Stocks Poised to Cool Off

It’s the second trading day of 2012, and investors aren’t as giddy as they were Tuesday.

Asian stock markets closed mixed Wednesday, even after solid gains for U.S. stocks Tuesday.  Japan added about 1.5%, but markets in China, Hong Kong, and South Korea fell.

European stocks are flat Wednesday morning.  There’s concern that record amounts of cash are still being parked with the European Central Bank.

Louise Cooper, markets analyst with BGC Partners, warns: “This shows how much fear there is still in the wholesale markets - that banks prefer to accept only 0.25% interest rate on their cash rather than lending it out at higher rates to other banks.”

Closer to home, the U.S. central bank is increasingly more transparent; the Federal Reserve will start announcing four times a year how long it plans to keep short-term interest rates at current levels.

In previous guidance, the Fed has said it plans to keep interest rates near zero until the middle of next year, but there’s speculation that may be changing.

Consumers, investors, and businesses often time their decisions and purchases based on access to cheap credit.

Peter Bookvar, Managing Director at Miller Tabak, is skeptical about the efficacy of the Fed’s new communications strategy. “When the history of the Fed book is written, by someone outside of the Fed, the track record of their policy will be the focus, not how they talked about it.”

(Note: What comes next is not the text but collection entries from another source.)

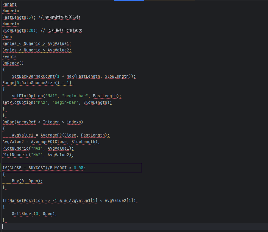 这个绿色绿色是我刚写的,我想用来5%止盈的一句话,其他不用看。BUYCOST定义是我买入这个合约的成本, 我的问题是这样:我选择的数据源是黄金主力连续合约后复权,然后在回测的时候这个CLOSE 和 BUYCOST都是这个黄金主力连续合约后复权的价格,这没问题,然后我实盘中,这个指数下单是映射到对应的黄金主力合约的比如au2603,这个CLOSE和 BUYCOST是什么的价格呢?指数和还是对应主力合约的?发单我知道按照实际发单 我上面那个写的是止盈5%逻辑 。如果是指数价格意思是我后复权指数映射到主力合约后 买入对应主力合约有一个实际成本价 然后我用的是这个实际成本价后复权之后的价格 和指数后复权的价格去算的这个止盈比例吗?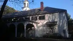 South Mountain is set on 200 acres (81 ha) of primarily woodland, formerly part of the Coolidge estate. The grounds are operated by the non-profit that manages the facility as a nature preserve open to the public on a year-round basis. The hall is a single-story timber-frame structure, built to resemble a church. It has a hip roof with a cupola, at the center, and a porte cochere at the main entrance on one of the long sides. The long side opposite the entrance has five bays, each of which is fitted with a French door, and there are casement-style windows above them for ventilation. The main timbers for the building were taken from an old textile mill, and the seats were pews taken from a church. The interior is finished with old wooden paneling. The hall is sited adjacent to an open lawn, from which the music can also be heard.[4] In addition to the hall Mrs. Coolidge had cabins built to provide housing for performers.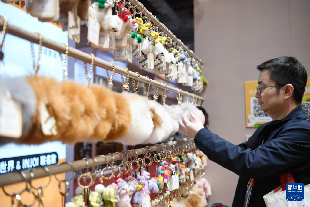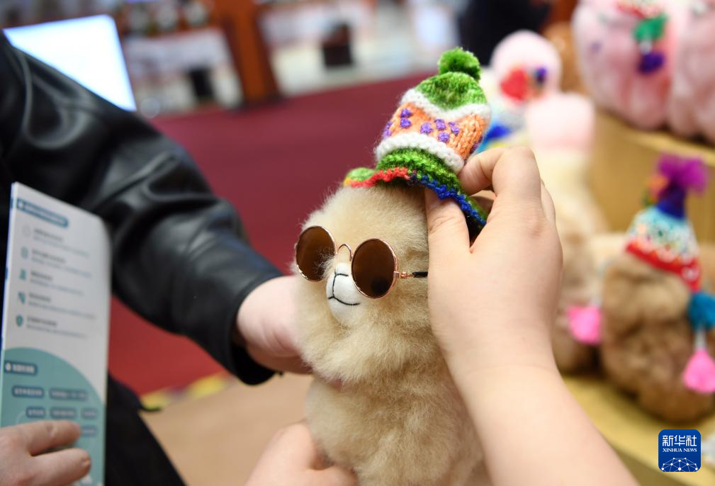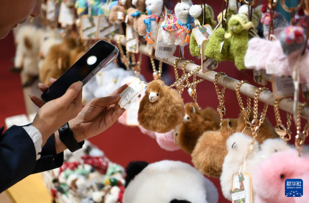 2016年,中国姑娘马玉霞在秘鲁阿雷基帕街边市场购买了秘鲁羊驼毛制品手工艺人奥斯瓦尔多·马马尼的羊驼毛玩偶并引入中国市场。通过连续参展进博会,羊驼毛制品在中国市场大受欢迎,并创立了中文品牌“温暖驼”。 今年,秘鲁品牌“温暖驼”连续第七年亮相中国国际进口博览会(下称进博会),受到更多中国消费者的喜爱。目前,“温暖驼”品牌已入驻中国30多家商场,并且开拓了电商平台线上销售,年销量超过3万只。 图为11月5日,一名男子在上海的第七届进博会秘鲁“温暖驼”展台选购羊驼玩偶。

There’s also growing speculation that the Fed will announce further monetary easing, or money printing, often dubbed Quantitative Easing. Meridian Equity Partners’ U.S. economist Stephen Guilfoyle says that could happen by the end of the month.

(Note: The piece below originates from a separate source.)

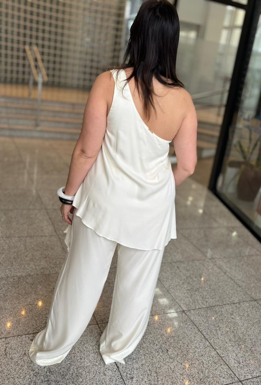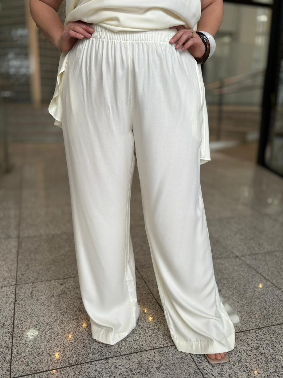 CALCA RETA CINTURA ALTA OFF WHITE LANÇA PERFUME

“The fact that the Fed has seen little inflation caused by the first two rounds of quantitative easing, mainly because people are afraid to spend and banks are afraid to lend, will allow them to feel OK about expanding. That could come in just three weeks, or it could come in mid-March.”

Starbucks (NASDAQ: SBUX) has raised prices by about 1% on average in the Northeast and in the Sunbelt states, not including southern Florida. So if you live in New York, a tall coffee and tall latte now costs a dime more.

Jim Olson, Starbucks’ VP of Global Corporate Communications, says, “We did not take an across-the-board price change. Some items increased in price, while others remained the same…We approach pricing on a long-term, product-by-product, market-by-market basis. These adjustments are the result of balancing the cost of doing business with competitive dynamics in these markets.”

The newsstand price of The New York Times (NYSE:NYT) has also gone up.  The increase is 50 cents, and  it’s the first hike in more than two years for the paper.  The Sunday paper and digital subscriptions were not affected.